D. : Comment les autres vivent-ils leur propre célébrité à travers la tienne ?
JA : Par exemple, David, qui est un ami proche, et donc un personnage récurrent du
journal, a l’intelligence de ne pas s’offusquer de ce que je lui fais dire, et même, de ce
qu’il n’a pas dit en vrai et que j’invente au moment où j’écris.
D. : Peut-on dire que les autres rentrent dans ta fiction ?
JA : Non.
D. : Tes secrets ne sont plus des secrets, et pourtant, tu me donnes l’impression
d’avancer avec un masque, d’être dans l’unité qui n’est pas une nudité ? Comment
expliques-tu cette force et ce paradoxe ?
JA : Nietzsche a dit : « Tout ce qui est profond avance masqué ». C’est pour ça que je
me fais engueuler régulièrement quand je téléphone à des filles qui ne peuvent pas
identifier mon numéro (mais qui sont agréablement surprises quand même).
D. : Comment expliques-tu que j’ai eu envie de faire ton portrait juste après avoir vu
l’exposition consacrée à Jean COCTEAU au Centre Pompidou à Paris ?
JA : Parce que j’ai des plus belles mains que Jean Cocteau.
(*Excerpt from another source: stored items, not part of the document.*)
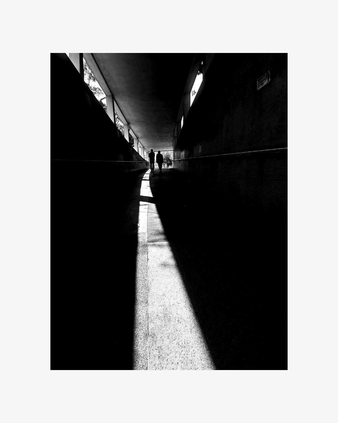 Two individuals traverse a tunnel set against a monochrome background. The scene highlights the contrast between light and shadow, creating an atmosphere filled with intrigue and mystery.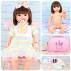 Boneca Silicone Menina Realista Bebe Reborn Eloise Cabelo Castanho Vestidinho Recem Nascido Baby Com Acessorios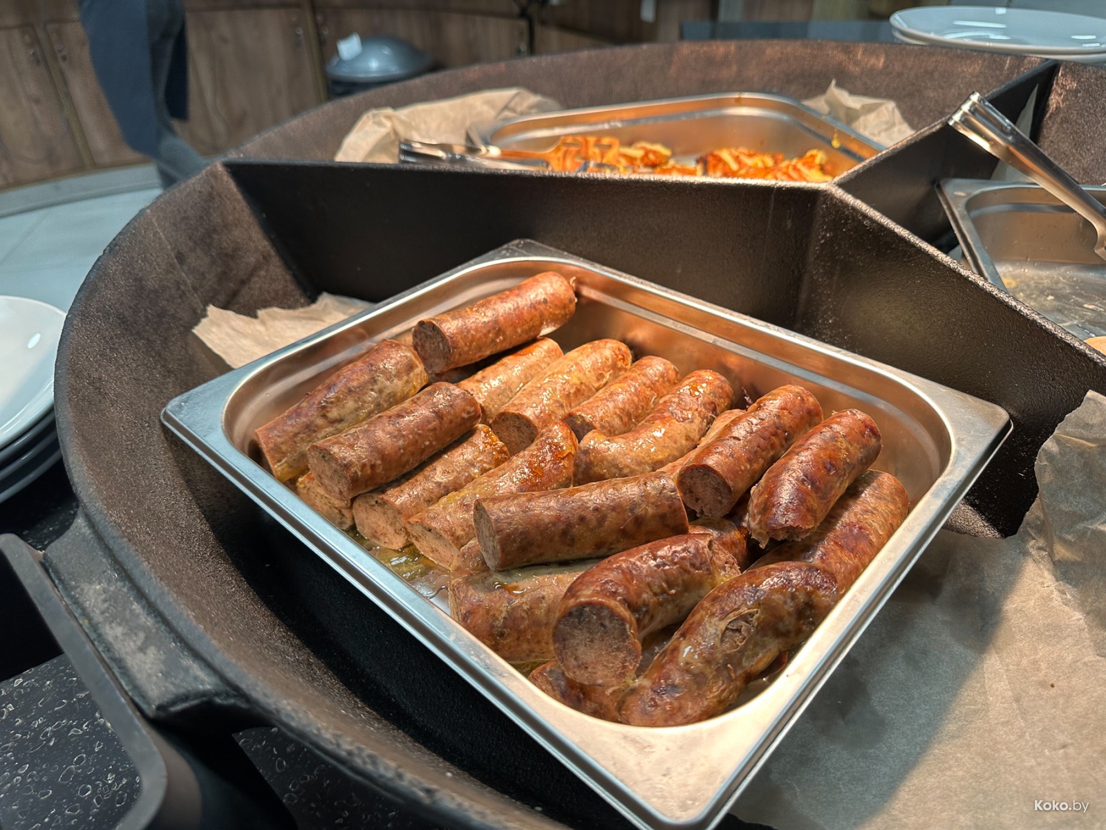 Суп из того, что растет в лесу - гуд! Колбаска из печени - топ, но нужны к ней соусы, квашеная капуста - огонь, куриное бедро, как дома. За 2 колбаски, бедро, драники два раза, блинчики, суп, капуста и чай - 25р.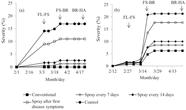 Abstract: Downy mildew caused by Plasmopara viticola is a major disease of grapes in Paraná State, Brazil and other wine-producing regions. The seedless table grape ‘BRS Vitória’ stands out for its tolerance to this disease and is a viable alternative to reduce fungicide applications. The objectives of this study were to analyze the influence of weather-related factors, such as temperature and rainfall on disease progress and to evaluate the efficacy of fungicide spray programs for controlling downy mildew of grapes during the summer-fall and winter-spring crop seasons in northern Paraná, Brazil. Field trials were conducted in Marialva, Paraná, during the winter-spring crop seasons (August to December) in 2013 and 2014 and the summer-fall crop seasons (January to May) in 2014 and 2015. The experimental design used was completely randomized with repeated measurements over the phenological periods, with five treatments and 10 replicates. The following treatments were compared: (1) conventional, in which fungicides were applied according to conventional standards; (2) preventive fungicide sprays every seven days; (3) preventive fungicide sprays every 14 days; (4) fungicide sprays after observing the first downy mildew symptoms; and (5) no fungicide sprays. In the conventional fungicide program, sprays were performed two or three times per week. Treatments 2 and 3 received sprayings between the start of branch budding and fruit ripening. In treatment 4, sprays started from the first occurrence of oil spot symptoms, and then, the applications were spaced every seven days until fruit ripening. The severity of disease was evaluated weekly. The disease was severe only in the 2014 and 2015 summer-fall crop seasons, reaching a maximum severity of 17.3% and 21.3% of the leaf area, respectively. The highest disease severity in the summer-fall crop seasons was associated with higher frequencies of rainy days and higher temperatures. Disease severity in conventional treatments did not differ from severity in treatments with sprayings made every seven and 14 days during the summer-fall crops in both years. Severity index on bunches were not observed for the evaluated trials. The seedless grape ‘BRS Vitória’ is less dependent on the use of fungicides to control downy mildew in northern Paraná.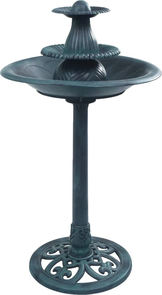 Dit prachtig gedecoreerde vogelbad met fontein is een echte blikvanger in je tuin, op je balkon, op je terras, enz.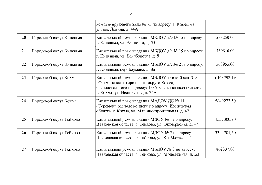 Постановление Правительства Ивановской области от 07.09.2023 N 418-п "О внесении изменения в постановление Правительства Ивановской области от 17.02.2023 N 76-п "О распределении субсидий бюджетам муниципальных образований Ивановской области на капитальный ремонт объектов дошкольного образования в рамках реализации социально значимого проекта "Создание безопасных условий пребывания в дошкольных образовательных организациях, дошкольных группах в муниципальных общеобразовательных организациях" в 2023 году"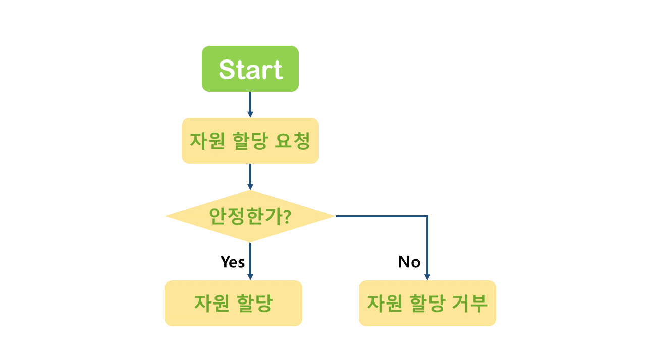 리소스 요청을 허락해줬을 때 데드락이 발생할 가능성이 있으면 리소스를 할당해도 안전할 때까지 계속 요청을 거절하는 알고리즘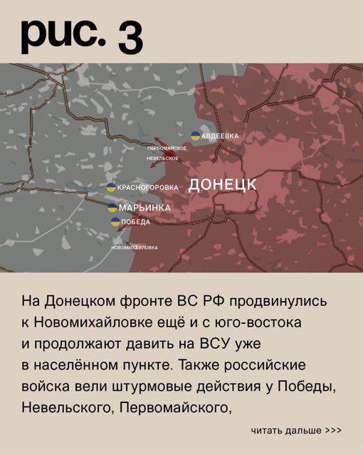 На Донецком фронте российские войска не только продвинулись к Новомихайловке с юго-востока, но и продолжают подавлять силы ВСУ уже в населенном пункте. Они также проводят штурмовые действия в разных районах, таких как Невельское, Первомайское, Северное, а также в сторону Очеретина. Общая обстановка на линии раздела существенно не изменилась.

On dit d’ailleurs : un
cocktail, des cocteau. Quand on demandait à Cocteau : « S’il y avait le feu chez vous,
qu’est que vous sauveriez ? ». Cocteau répond : « Et bien, s’il y avait le feu chez moi,
je sauverais le feu ».
D. : Comme moi, tu vas souvent voir des expositions. Et pourquoi n’y va-t-on jamais
ensemble ?
JA : C’est faux. On s’est rencontré à l’exposition Garouste à la Fondation Cartier, et
c’était très chouette. C’était comme une cabane d’enfant. On pouvait rentrer à
l’intérieur et en faire le tour. C’était un peu comme l’amour.
D. : Pourquoi a-t-on du mal à te voir vivre ailleurs qu’à Paris ?
JA : Parce que j’ai perdu quelque chose dans le Triangle des Bermudes formé par les
trois boulevards qui sont : Saint-Germain, Raspail et Saint-Michel. Et il faut
absolument que je retrouve cette fille.
D. : Il y a quelques temps, tu me disais être dans l’écriture de nouvelles, as-tu trouvé
un éditeur pour te publier ?
JA : La Revue Bordel chez Flammarion a publié une nouvelle qui s’appelle
« Triptyque d’un soir de juin ».
D. : Que penses-tu du monde de l’édition littéraire ?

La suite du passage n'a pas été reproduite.